For whatever reason, mushrooms and fungi are now hot in popular culture (not Petri dish): fashion, wellness potions, design, hand sanitizers, meditation – the list goes on. There are now Murano glass mushroom lamps, and Gucci mushroom-themed luxury goods based on a Himalayan morel called – wait for it – guchchi.
So, with all this newly awakened awareness of fungi in culture, and what with fungal networks in the woods, it’s inevitable that somebody will want to know more about the molds. What’s more, fungi are, as the author, Keith Seifert says, among our closest relatives. We SHOULD know more about them.
Keith Seifert describes many of the ways that fungi are embedded in our lives and urges us to get to know them better. Humans certainly benefit by letting fungi train them to become even more deeply dependent on them than they are now.
This book, just shy of 300 pages, is divided into three parts. Part 1 introduces us to what fungi are, where they are found, and a general discussion of their nutritional modes. The five chapters of Part 2 examine fungi in forests, agriculture, fermentation, the built environment, and the animal body. Mycotechnology and a speculative chapter about sustainability that I think of as “what if fungi ruled the word (what a better place it would be)” comprise Part 3. There’s biocontrol, plant disease, endophytes, mycorrhizae (endo- and ecto-), beer, koji, and brie cheese. Enzymes and building construction, zombie ants, allergies, and mycoses––and jock rot, AIDS, Candidiasis, and mycoremediation.

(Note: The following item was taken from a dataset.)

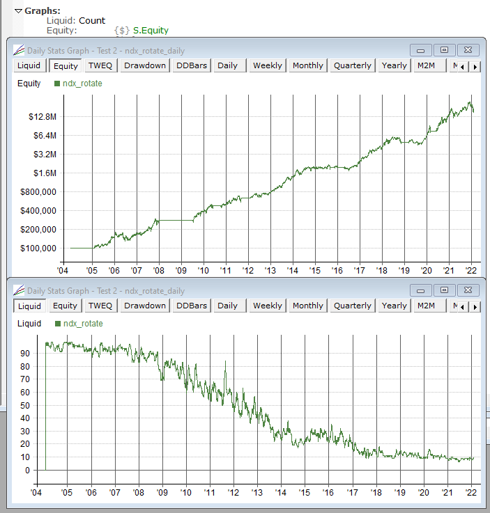 If this script contained other strategies, and you wanted to use only this strategy's equity value for your liquidity constraint, you would need to change the above to Extern(@ndx_rotate, S.Equity).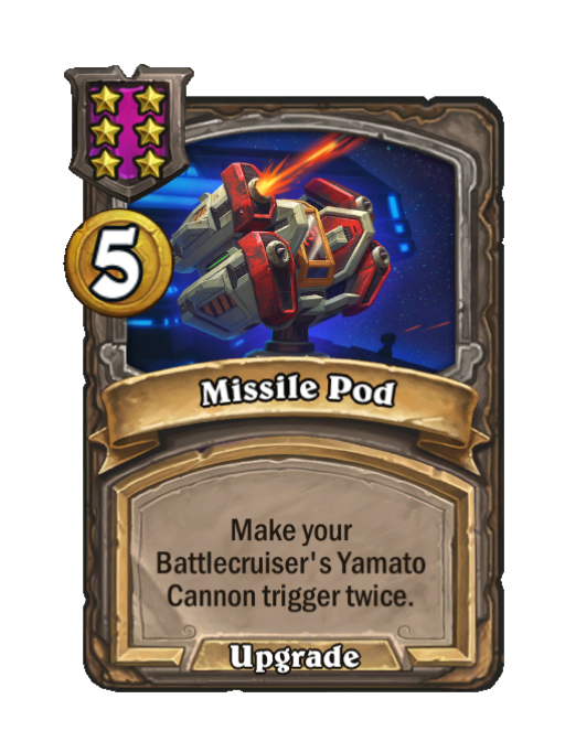 Missile Pod is a Tier 6 Spell in Hearthstone Battlegrounds (Battlecruiser). Effect: Make your Battlecruiser's Yamato Cannon trigger twice. Costs 5 Gold.

Keith Seifert is one of the preeminent mycologists of our time. It would be a toss-up to name his most famous work of fungal taxonomy: Valsonectria simpsonii, named for Homer Simpson, or the monumental Genera of Hyphomycetes (published with Gareth-Morgan Jones, Walter Gams and Bryce Kendrick). Working in Agriculture Canada, Keith collaborated in many projects that were not strictly taxonomic and many of these are summarized here.

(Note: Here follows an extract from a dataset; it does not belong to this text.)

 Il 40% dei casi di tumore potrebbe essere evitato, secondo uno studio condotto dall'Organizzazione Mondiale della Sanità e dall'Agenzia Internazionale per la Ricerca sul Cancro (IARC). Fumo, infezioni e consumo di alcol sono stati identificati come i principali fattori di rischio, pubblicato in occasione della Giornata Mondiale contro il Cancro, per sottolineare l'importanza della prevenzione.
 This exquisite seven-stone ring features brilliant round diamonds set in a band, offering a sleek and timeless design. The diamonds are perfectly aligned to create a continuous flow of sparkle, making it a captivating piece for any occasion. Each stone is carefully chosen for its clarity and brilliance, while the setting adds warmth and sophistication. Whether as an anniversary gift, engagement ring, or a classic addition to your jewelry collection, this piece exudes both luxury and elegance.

Technical bits are clearly explained, and Keith does not obsess over Latin names (there is an appendix for that), and he explains how some latinized terms are derived. There is also a phylogenetic index that illustrates important morphological characters. Keith has a recognizable style. It would be impossible – and very sad – to try to eliminate the founding editor and principal correspondent of Rot Nots, maybe the most outrageous mycological journal ever “published”, from his writing. The book is Keith’s very serious attempt to introduce you to his many fungal friends in a way that is always interesting and sometimes even fun. Some examples: What other mycology text would place Norman Borlaug’s Green Revolution in the context of the Watts Riots of 1965? Or, I would love to have attended the lecture where the lichenologist “prof muttered into his lichen-like beard” while talking about the slow growth of lichens. Ophiostoma ulmi, cause of Dutch Elm disease, was first isolated by Beatrice Schwartz – who was not recognized for 10 years; a footnote gives a reference to a publication that describes difficulties faced by women scientists working with this disease. Please allow me just one more …. Fusarium graminearum infected grain causes pigs to “barf”. “Vomit” would have been so much more proper – but a lot less fun (not for the pigs).

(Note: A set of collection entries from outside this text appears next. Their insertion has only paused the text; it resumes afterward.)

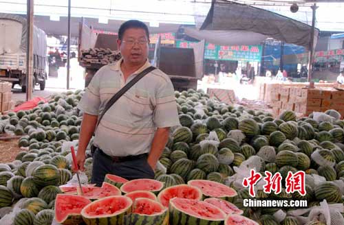 一位從陜西販運西瓜到重慶的商販告訴記者,因為攤位倉庫被淹,他們沒了賣瓜的地方,一卡車的西瓜面臨積壓,昨日甚至還有一些瓜販將西瓜擺到公路上“大甩賣”。一位宮姓商販憂心忡忡地告訴記者,受洪峰淹沒攤位影響,加之最近兩天當地天氣陰雨伴隨降溫,他的西瓜已從7角錢一斤降到5毛。(完)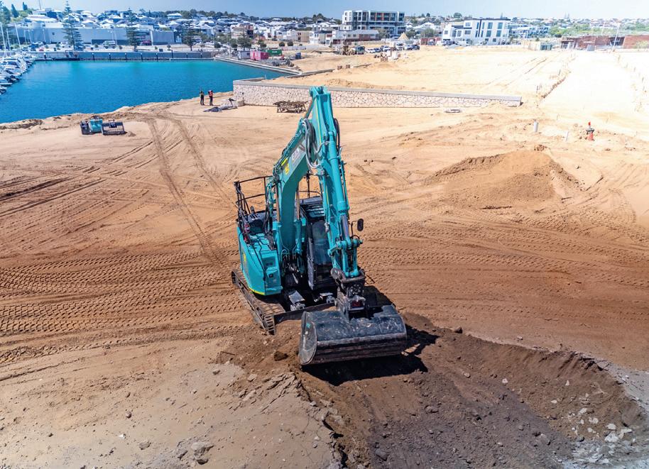 A KOBELCO SK135SR-7 FITTED WITH TOPCON 3D MC-MAX EXCAVATOR MACHINE CONTROL HAS MADE ALL THE DIFFERENCE AT A PERTH BEACHSIDE PROJECT.
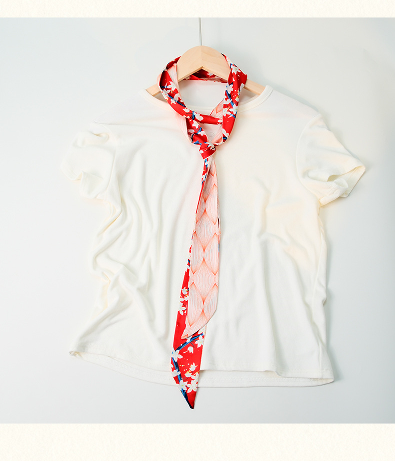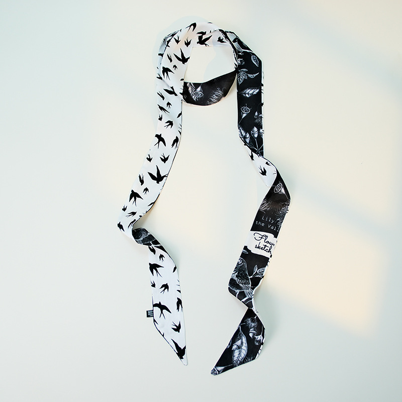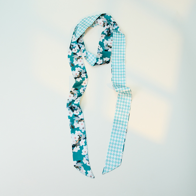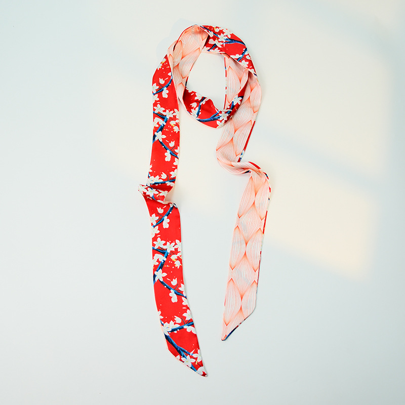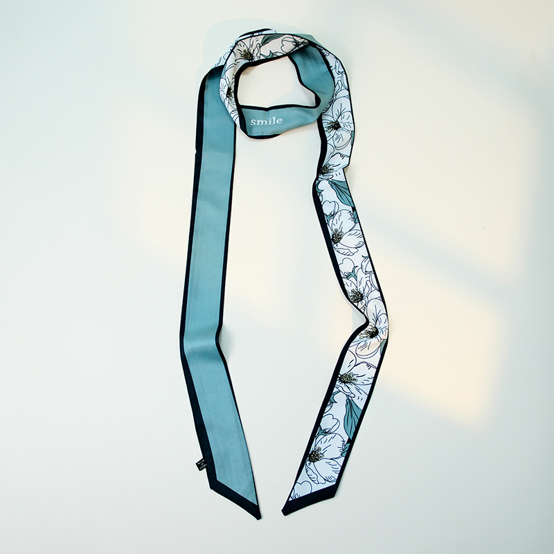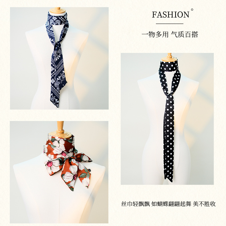 국경 인쇄 날씬한 좁은 하이 엔드 작은 실크 스카프 여성 모조 실크 같은 스타일 한국 스타일 작은 스카프 가방 벨트 리본

I could quibble over omissions. It’s too bad that white-nose syndrome of bats is not included, and fungus-dependent plants that have “dust” seeds are a particularly rich story of cooperation among some plants and a bunch of diverse fungi. I could have wished for a more complete coverage of endophytes, how one subset of species and genera seems to occur in the sapwood of trees and another in leaves, and how biocontrol using Trichoderma might be more the result of improved plant health than classic mycoparasitism or mycotoxin production. I suppose other specialists could find gaps, but the point is that there is there is so much here.
If I were teaching a mycology class, an environmental studies class, a forest ecology class, or even a general biology class, I would want my students to read this book. I could envision offering a continuing education class at a local college based on the book. There is so much summarized here!
I highly recommend The Hidden Kingdom of Fungi: Exploring the Microscopic World in Our Forests, Homes, and Bodies to all mycologists.